Il De Marchi nacque dunque a Milano nel 1851 ed alla stregua medesima nel destino di molti uomini sensibili alle arti deve la propria vocazione alla figura materna, ferma lumeggiante lanterna nella sua formazione e crescita. Smaliziato liceale al classico Beccaria, in totale autonomia terminò gli studi universitari laureandosi in Giurisprudenza.
Giovine estroso deliberatamente non conforme alle palafitte convenzionali della piccola borghesia materialista e gretta, partecipò alla disordinata stagione della Scapigliatura milanese in seguito tuttavia amaramente pentendosene e riedendo con il pensiero delle origini: una sorta di cristiana pietas per ogni creatura vivente acquisita grazie alle tenere conversazioni salottiere intrecciate con la madre sin dalla più acerba infanzia.
Alternò egli l’attività di romanziere e drammaturgo a tempo perduto con la vera professione di educatore. Morì nel 1901 d’emblée appena cinquantenne, lasciando la amatissima moglie Lina con i due figli.
Già nel titolo del primo romanzo Due Anime in un Corpo (1878) è possibile cogliere una ambigua oscillazione nella personalità dell’autore, in funambolico bilico fra la ribelle viziosa bohème di scapigliato etilista ed un ripiegamento pensoso su sé stesso, introvertito vòlto a cogliere con dagherrotipico realismo la quintessenza del vivere. Questa nuance sfumata, una tonalità morbida diverrà nel quadro della sua poetica di gran lunga dominante, accostandosi egli con raccesa sensibilità al sottobosco informe della Milano abitata da mendicanti, oppressi, meretrici, delinquenti, martinitt: tematica sì cara ai prosatori lombardi: dalle sventure del povero Giuannin di Carlo Porta sino alle esilaranti, tragicomiche giullarate buffe recitate in grammelot da Dario Fo, citando naturalmente l’eccellenza nella resa della prosa a ritrarre il contadinato fra le pagine dei manzoniani Promessi Sposi.
Per tal cagione il De Marchi è reputato al pari di Giovanni Verga un maestro del Verismo, la versione squisitamente italiana del Naturalismo francese.
Con La Bella Pigotta (1890) il nostro stende su carta quel che la critica letteraria considera il capolavoro, rappresentando su tela mediante tenue pennellate non scevre di sgargiante umorismo taluni mirabili ritratti di impiegati milanesi in bretelle e manichette, vittime dei soprusi arroganti del padronato lungo un ménage esistenziale condotta nella frenesia nevrastenica scartabellata alla rinfusa d’uno schedario d’ufficio: mosaico esemplare della nostra quotidiana routine dipinto tramite una terminologia profetica oltre un secolo fa.
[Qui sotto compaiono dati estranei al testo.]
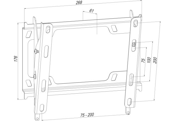 Прочная конструкция стального настенного кронштейна Simpler 28EN. Кронштейн подходит для плазменных, LCD, LED телевизоров и мониторов с диагональю 22 – 43 дюйма. Максимальный размер VESA 200 x 200 мм. Позволяет наклонять монитор на 15 градусов. Расстояние от стены: 61 мм. В комплекте монтажный набор, подходящий для большинства современных телевизоров.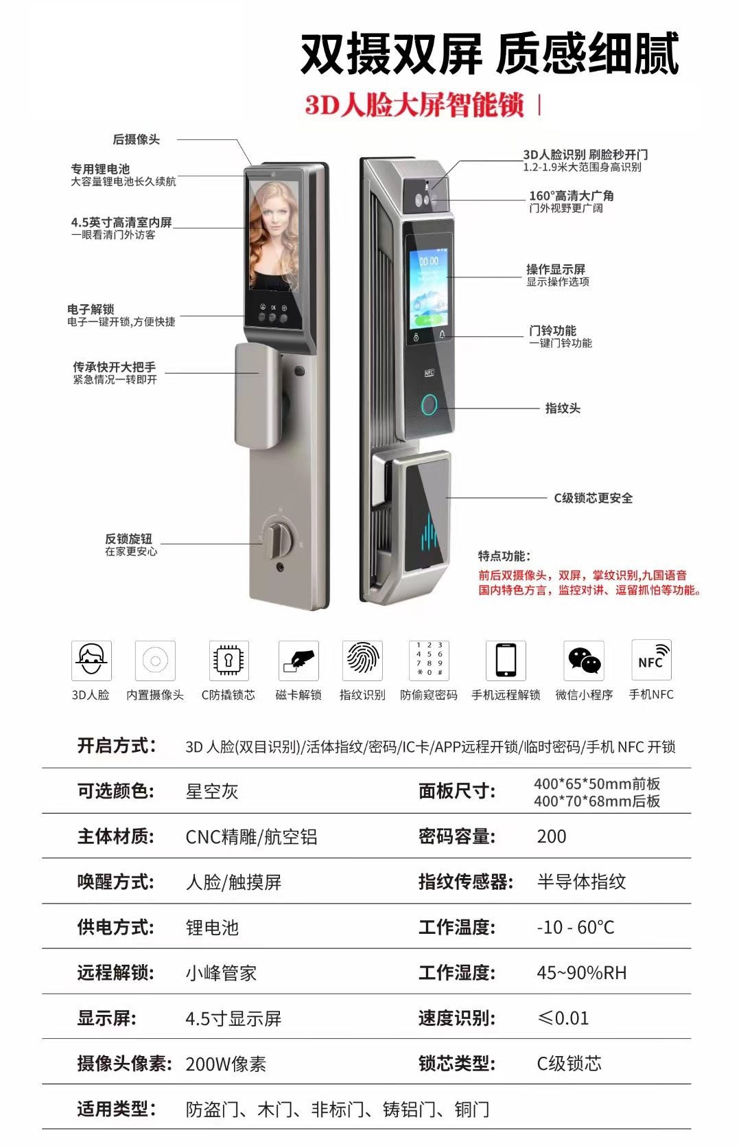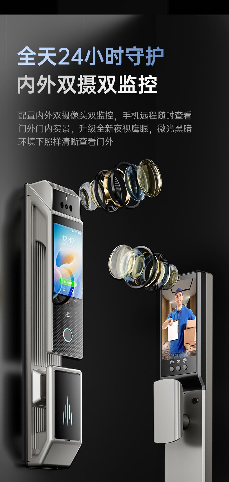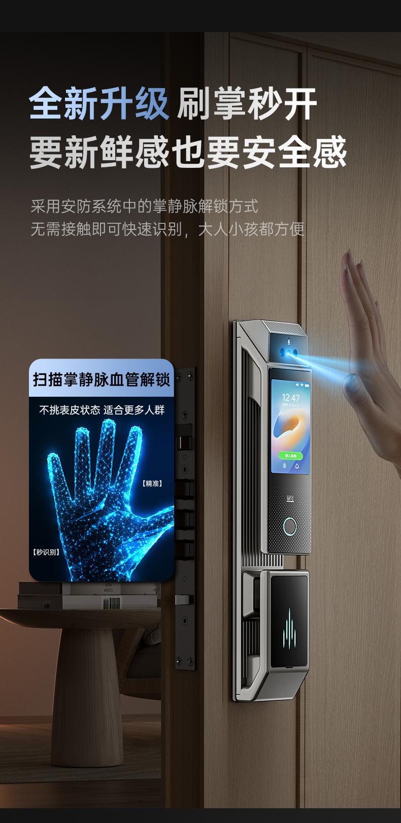 Doble pantalla, doble cámara, vena de la palma, cerradura de huella digital interna y externa, visión nocturna a todo color, reconocimiento facial, cerradura inteligente de la vena de la palma

Nel seguente Arabella (1893) egli prosegue idealtipicamente – strictu sensu weberiano – la ritrattistica grottesca della iconica milanesità del tempo, illustrando questa volta con sfumature maggiormente delicate, intimiste, con penetrazione psicologica talaltri confusi intrecci sentimentali insiti in qualsivoglia anima umana, preannunziando ante litteram quelle profonde immersioni nell’inconscio freudiano invero sì frequenti nei movimenti artistici del Novecento.
Un assoluto gigante come Luigi Pirandello deve alla mise en scène della ultima creazione demarchiana Il Redivivo (1896) le sue prime fortune di geniale autore teatrale, segno tangibile del ruolo da protagonista declamato a gran voce dal novelliere e drammaturgo milanese sul proscenio della decadente fin de siècle à l’italienne.